TASK PROMPT> Reproduce only what runs from the line containing "恋の呪文は スキトキメキトキス |" to the line containing "MAT-ko! natjecanje za" in the records below, inclusive. Keep it exact, and keep the pictures out.

GIVEN RECORDS>
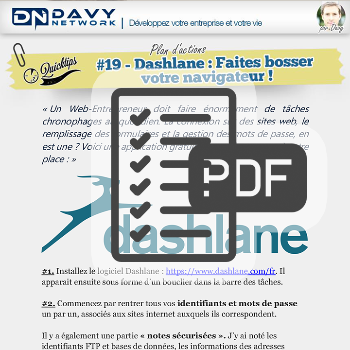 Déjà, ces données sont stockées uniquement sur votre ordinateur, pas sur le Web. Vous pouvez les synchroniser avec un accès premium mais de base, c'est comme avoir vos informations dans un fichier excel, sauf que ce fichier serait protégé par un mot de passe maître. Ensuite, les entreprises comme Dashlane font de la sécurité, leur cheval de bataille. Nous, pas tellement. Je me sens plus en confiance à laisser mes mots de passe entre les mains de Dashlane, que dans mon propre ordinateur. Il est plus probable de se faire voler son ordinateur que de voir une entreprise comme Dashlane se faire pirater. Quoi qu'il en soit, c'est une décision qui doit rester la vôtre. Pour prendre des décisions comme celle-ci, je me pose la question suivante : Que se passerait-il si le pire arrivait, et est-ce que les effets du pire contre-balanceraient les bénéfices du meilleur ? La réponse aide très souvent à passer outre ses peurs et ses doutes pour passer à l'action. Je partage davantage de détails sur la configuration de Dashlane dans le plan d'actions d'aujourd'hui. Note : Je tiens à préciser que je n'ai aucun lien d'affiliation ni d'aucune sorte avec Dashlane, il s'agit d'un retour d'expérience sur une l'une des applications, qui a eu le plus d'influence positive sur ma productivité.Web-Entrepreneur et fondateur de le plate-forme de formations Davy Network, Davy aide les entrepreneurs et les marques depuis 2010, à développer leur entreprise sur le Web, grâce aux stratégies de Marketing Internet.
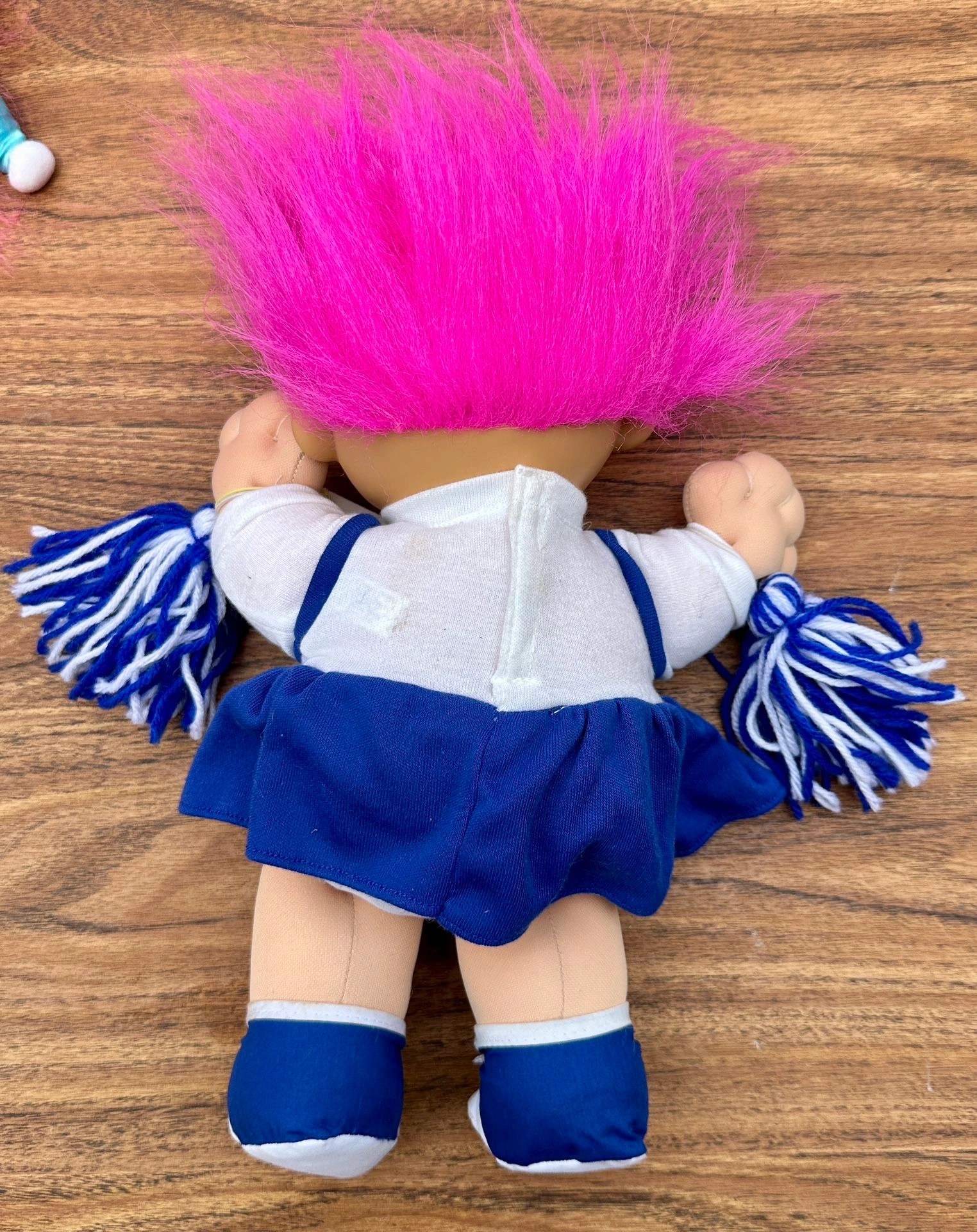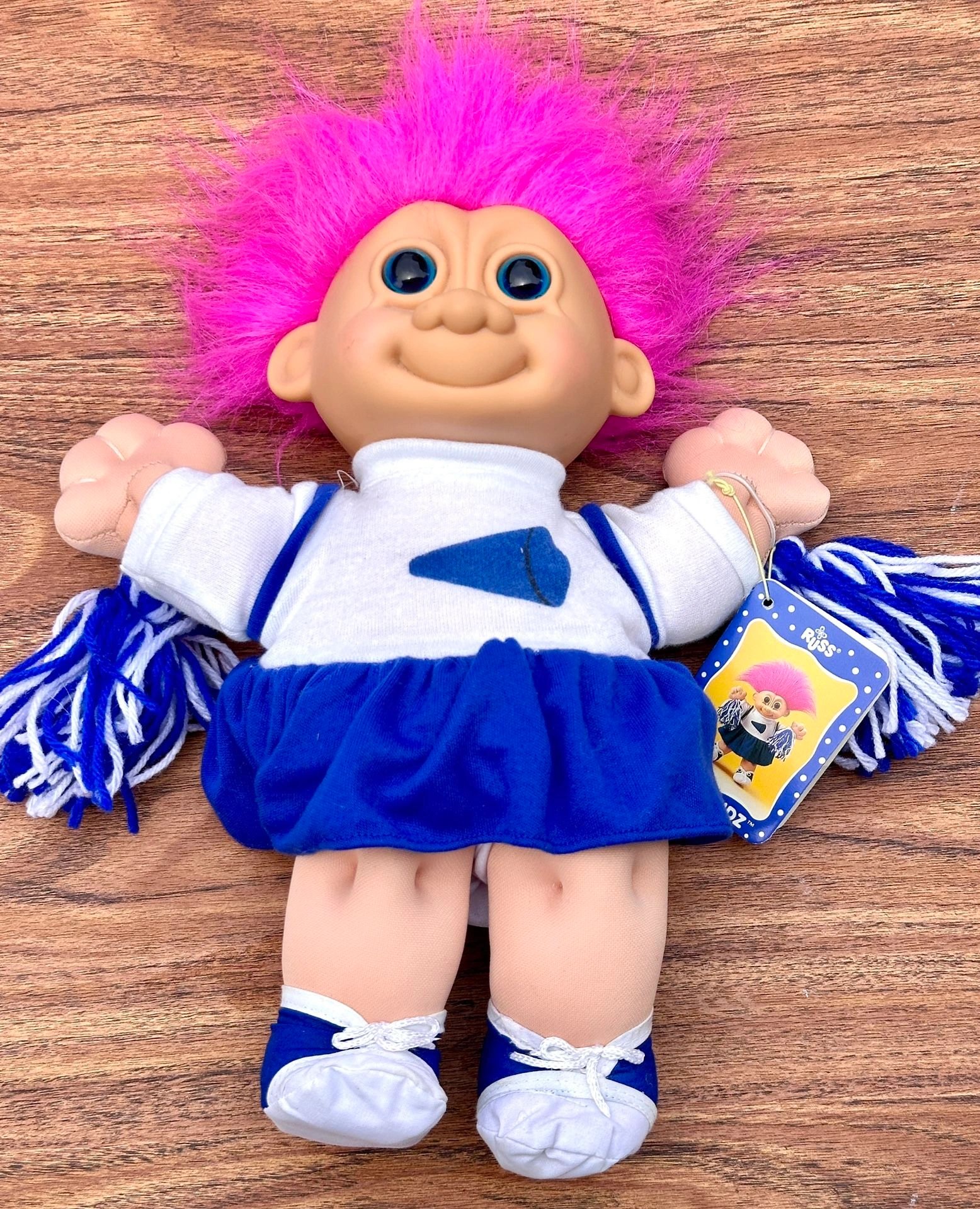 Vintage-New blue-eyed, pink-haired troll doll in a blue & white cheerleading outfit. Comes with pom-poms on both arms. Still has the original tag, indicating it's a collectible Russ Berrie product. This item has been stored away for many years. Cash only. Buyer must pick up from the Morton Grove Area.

* * *

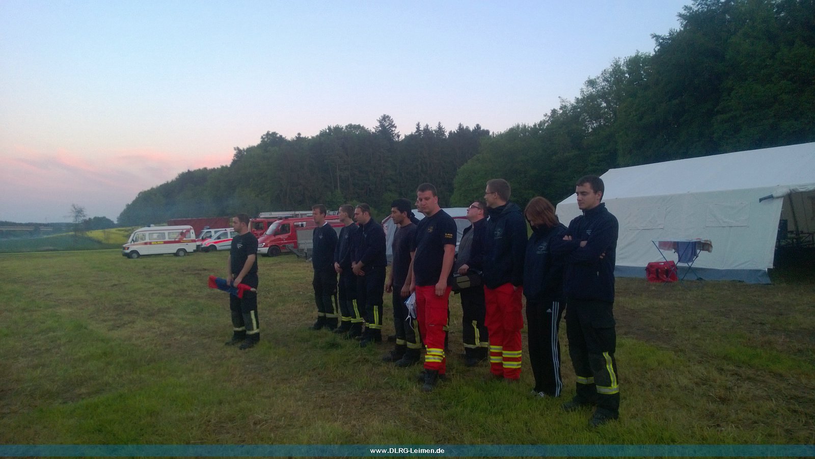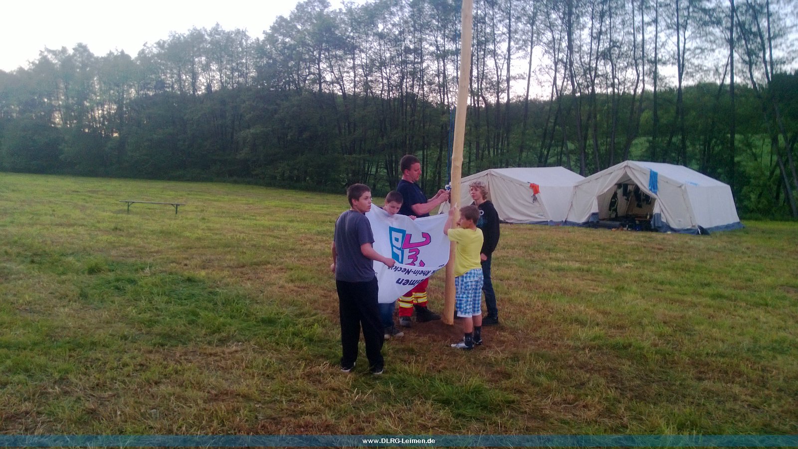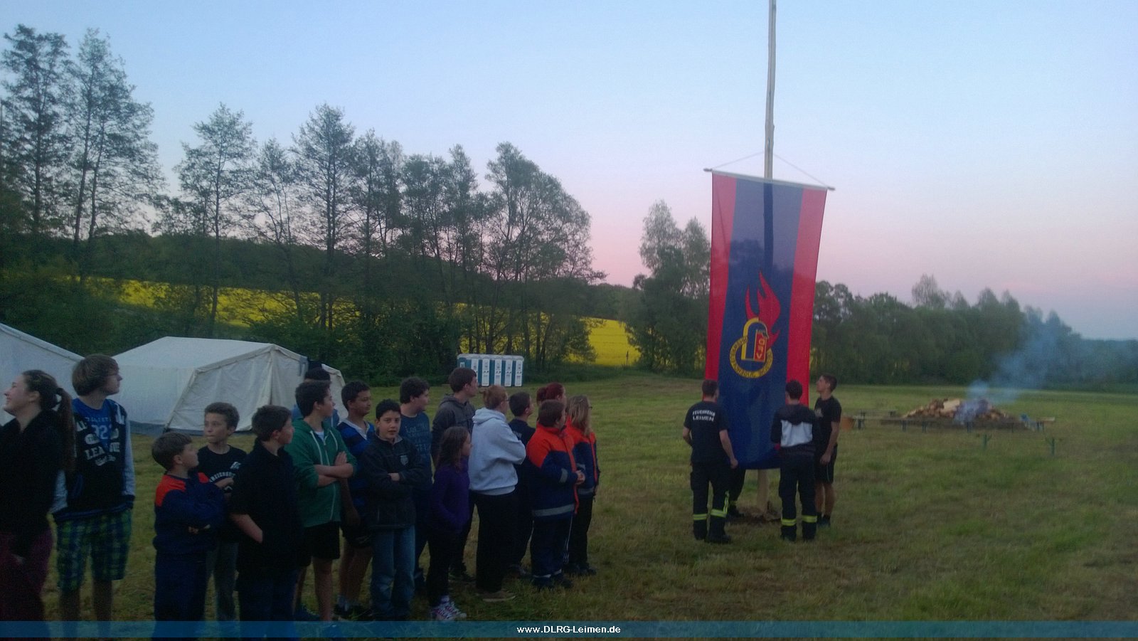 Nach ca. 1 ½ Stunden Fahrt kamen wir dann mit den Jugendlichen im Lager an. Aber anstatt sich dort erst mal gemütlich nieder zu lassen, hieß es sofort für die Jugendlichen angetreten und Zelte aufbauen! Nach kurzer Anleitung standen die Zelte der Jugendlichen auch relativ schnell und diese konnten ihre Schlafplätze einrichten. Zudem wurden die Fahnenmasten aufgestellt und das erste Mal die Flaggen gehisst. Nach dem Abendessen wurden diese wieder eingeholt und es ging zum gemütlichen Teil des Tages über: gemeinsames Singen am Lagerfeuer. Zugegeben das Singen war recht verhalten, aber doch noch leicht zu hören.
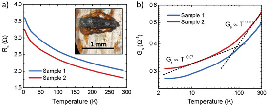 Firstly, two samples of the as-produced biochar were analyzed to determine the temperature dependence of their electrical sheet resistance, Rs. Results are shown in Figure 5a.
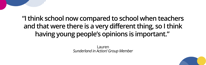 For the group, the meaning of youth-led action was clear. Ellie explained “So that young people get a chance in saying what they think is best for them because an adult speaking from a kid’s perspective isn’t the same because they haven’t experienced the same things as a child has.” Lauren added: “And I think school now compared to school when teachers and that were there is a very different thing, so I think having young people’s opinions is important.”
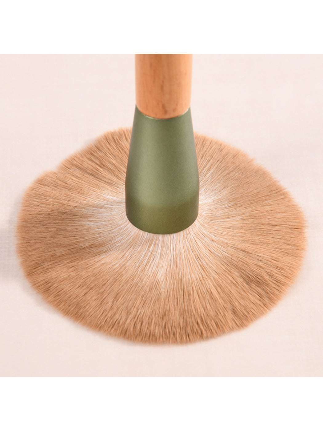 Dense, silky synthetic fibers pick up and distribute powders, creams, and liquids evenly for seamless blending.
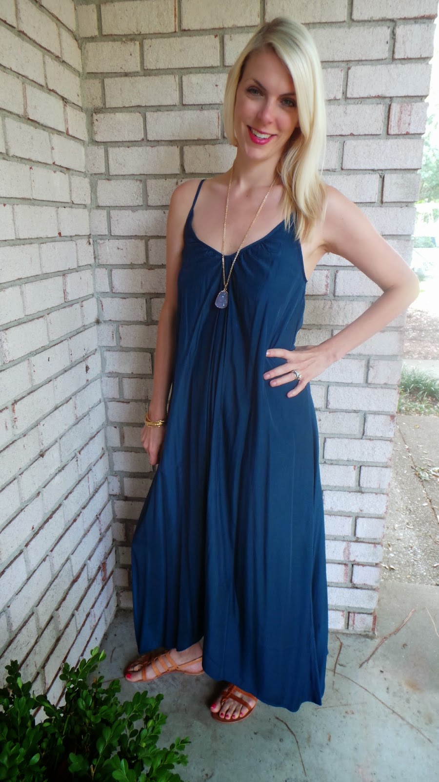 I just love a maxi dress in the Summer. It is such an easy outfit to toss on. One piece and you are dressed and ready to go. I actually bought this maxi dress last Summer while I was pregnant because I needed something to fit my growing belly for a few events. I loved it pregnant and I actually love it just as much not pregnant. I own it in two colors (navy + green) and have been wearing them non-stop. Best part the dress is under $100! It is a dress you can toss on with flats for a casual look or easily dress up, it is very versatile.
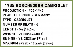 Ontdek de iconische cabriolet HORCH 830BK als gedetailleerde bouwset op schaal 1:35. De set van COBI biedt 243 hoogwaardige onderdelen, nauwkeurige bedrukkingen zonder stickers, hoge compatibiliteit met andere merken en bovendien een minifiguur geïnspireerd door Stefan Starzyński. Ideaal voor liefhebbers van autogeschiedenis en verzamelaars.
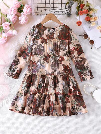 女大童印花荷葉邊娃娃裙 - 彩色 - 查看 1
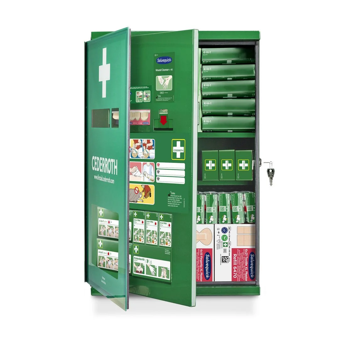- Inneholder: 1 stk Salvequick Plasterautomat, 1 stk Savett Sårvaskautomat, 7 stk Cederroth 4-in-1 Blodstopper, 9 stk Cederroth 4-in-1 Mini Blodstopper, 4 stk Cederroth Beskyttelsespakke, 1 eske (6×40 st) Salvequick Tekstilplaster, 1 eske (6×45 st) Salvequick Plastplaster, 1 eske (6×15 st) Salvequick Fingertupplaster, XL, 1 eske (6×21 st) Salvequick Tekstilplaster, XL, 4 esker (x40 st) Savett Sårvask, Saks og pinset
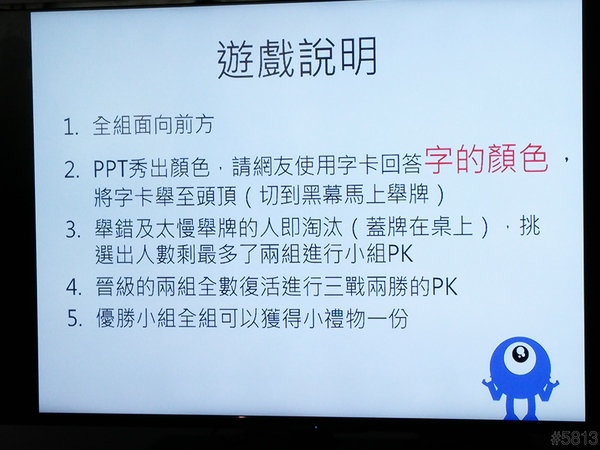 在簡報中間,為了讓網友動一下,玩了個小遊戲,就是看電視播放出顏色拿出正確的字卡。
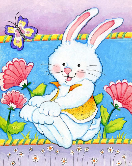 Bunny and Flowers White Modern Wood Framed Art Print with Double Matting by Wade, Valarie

==

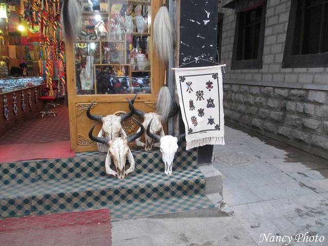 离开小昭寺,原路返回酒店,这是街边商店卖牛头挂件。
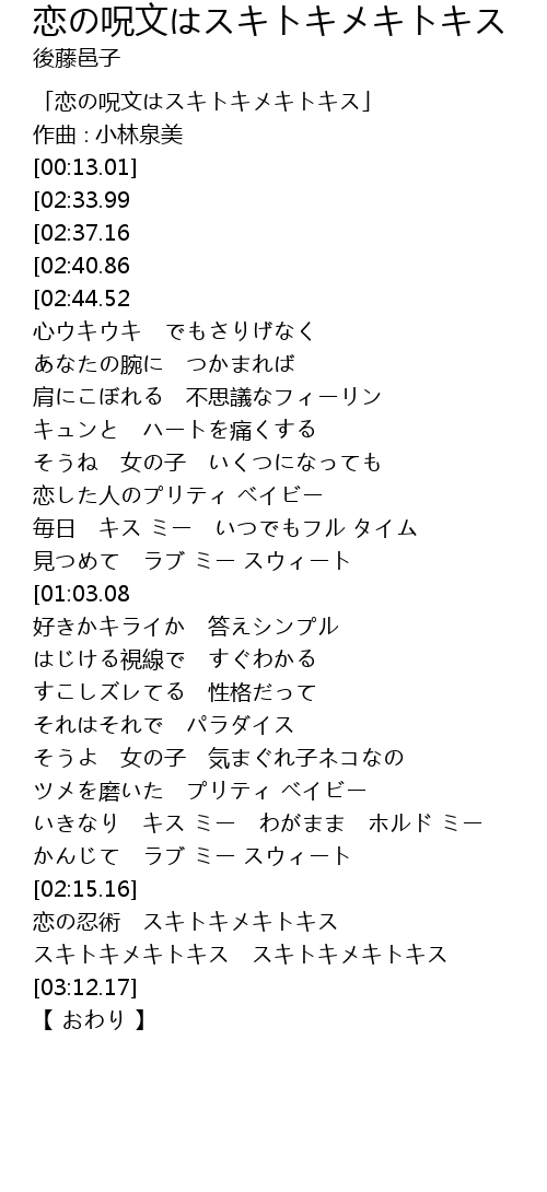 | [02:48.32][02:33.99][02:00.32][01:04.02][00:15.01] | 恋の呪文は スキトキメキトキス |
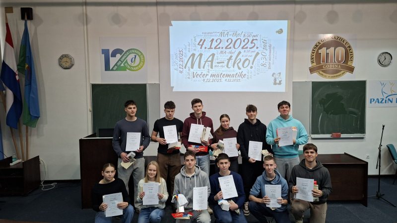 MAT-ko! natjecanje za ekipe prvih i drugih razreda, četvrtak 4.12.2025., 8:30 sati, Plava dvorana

RESULT BELOW>
 | [02:48.32][02:33.99][02:00.32][01:04.02][00:15.01] | 恋の呪文は スキトキメキトキス |
 MAT-ko! natjecanje za ekipe prvih i drugih razreda, četvrtak 4.12.2025., 8:30 sati, Plava dvorana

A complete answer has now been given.